HDD, however, shows a pattern with an inflection point. In Graph 1, the areas in the square show that the performance ratio for SSD and HDD are proportional, but after that area, the TPS performance of HDD starts to decline steeply, and then declines gradually.
This phenomenon can be linked with the IO request development in Graph 2. The HDD is more than able to process the IO request that increases with the smaller hit ratio in section A (between 10 G~12 G). So the TPS graph above only shows the difference in physical performance compared to SSD.
But once the buffer size becomes equal to or smaller than 10 G (section B), HDD cannot process the increased IO requests within the set time and starts to stall. The slowdown in IO requests causes a steep decline in the TPS graph.
This would be the state in which the IO scheduling from the OS is not functioning well, as we have seen before.
On the other hand, as the data buffer grows smaller (section C), the number of processing IO requests starts to increase within the set time, which means the OS' IO scheduling is working efficiently as the accumulated IO requests increase. This causes the TPS drop to flatten. However, even when IO requests increase, the hit ratio decreases, and the overall TPS decreases as well.

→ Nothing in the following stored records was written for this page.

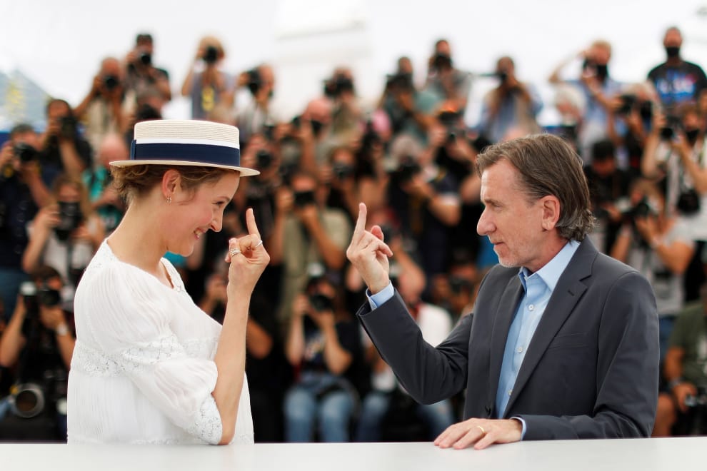 在第 74屆的法國坎城影展上,主演法國電影《伯格曼島》(Bergman Island)的演員維琪克雷普(Vicky Krieps,左)和提姆羅斯(Tim Roth,右)互相比出了中指,也暗喻了兩人在片中的關係。
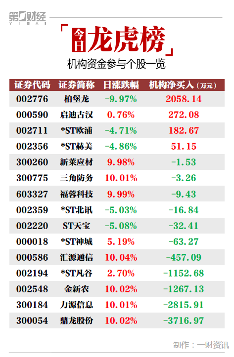 当天机构净卖出前三的股票分别是鼎龙股份、力源信息、金新农,净流出金额分别是3716万元、2815万元、1267万元。
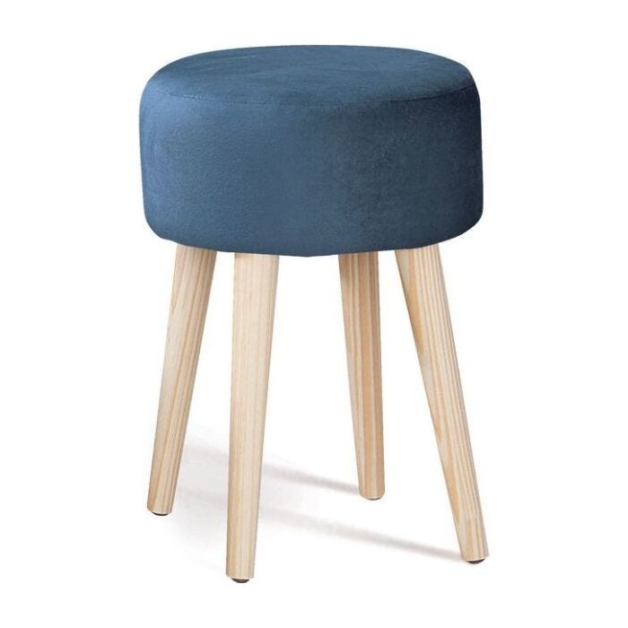 Puff Moeda Azul Marinho com Base de Madeira - Daf
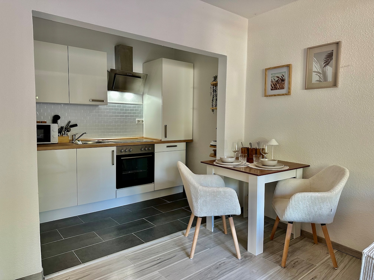 Byt se nachází v centru Wilhelmshavenu, takže jsou památky, restaurace a hlavní nádraží s přilehlou nákupní pasáží v docházkové vzdálenosti. Zařízení je stylové a moderní a díky otevřenému obytnému a kuchyňskému prostoru zajišťuje výjimečný pobyt. Nachází se ve 2. patře, takže je krásně světlý. V domě není žádný výtah, ale soukromé parkovací místo přímo před domem.
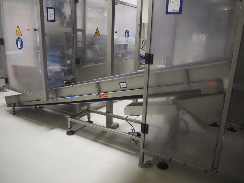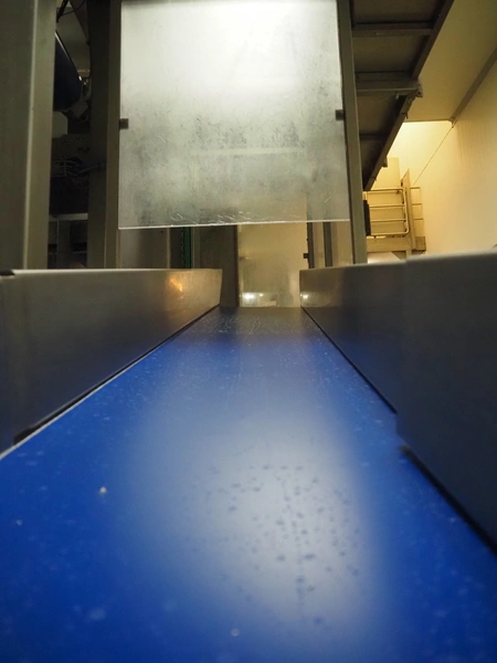 Elevating belt, s/s frame, plastic belt, belt width: 350 mm, elevating height: 1130 mm, total dimensions: 4000 mm x 500 mm x 1300 mm.
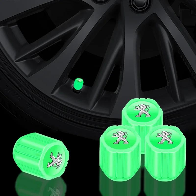 4Pcs Luminous Car Tire Valve Caps Badge Emblem Accessories For Peugeot 206 308 307 208 207 3008 2008 508 407 301 406 408 607
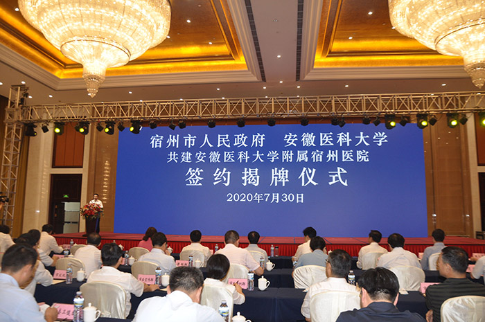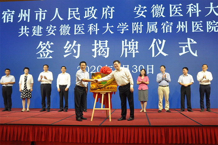 曹云霞简要介绍了学校的校史校情。她表示,学校作为安徽省医药高等教育的发源地,省卫生健康体系的创造者和领跑者,积极推进校地合作,投身经济社会建设主战场,服务国家健康战略和五大发展美好安徽建设。此次与宿州市签订共建附属宿州医院协议是贯彻落实中央及省委省政府深化医教协同,推动医学教育改革发展的重要举措,是进一步提高宿州乃至皖北区域医疗服务质量水平,提升人民健康服务满意度的必然选择。

Gathering all results, the hit ratio starts changing gradually around 8G, but TPS incline grows steeply and reaches the inflection point at 10G. Because of this, the data buffer's performance improvement compared to the cost is maximized around 8G - 10G.
So in such environment, it would be more efficient cost-wise to install the data buffer to around 10 G instead of changing the storage medium to SSD.
By Ki Yeul Lee, Senior Engineer, DBMS Development Lab, NHN Corporation.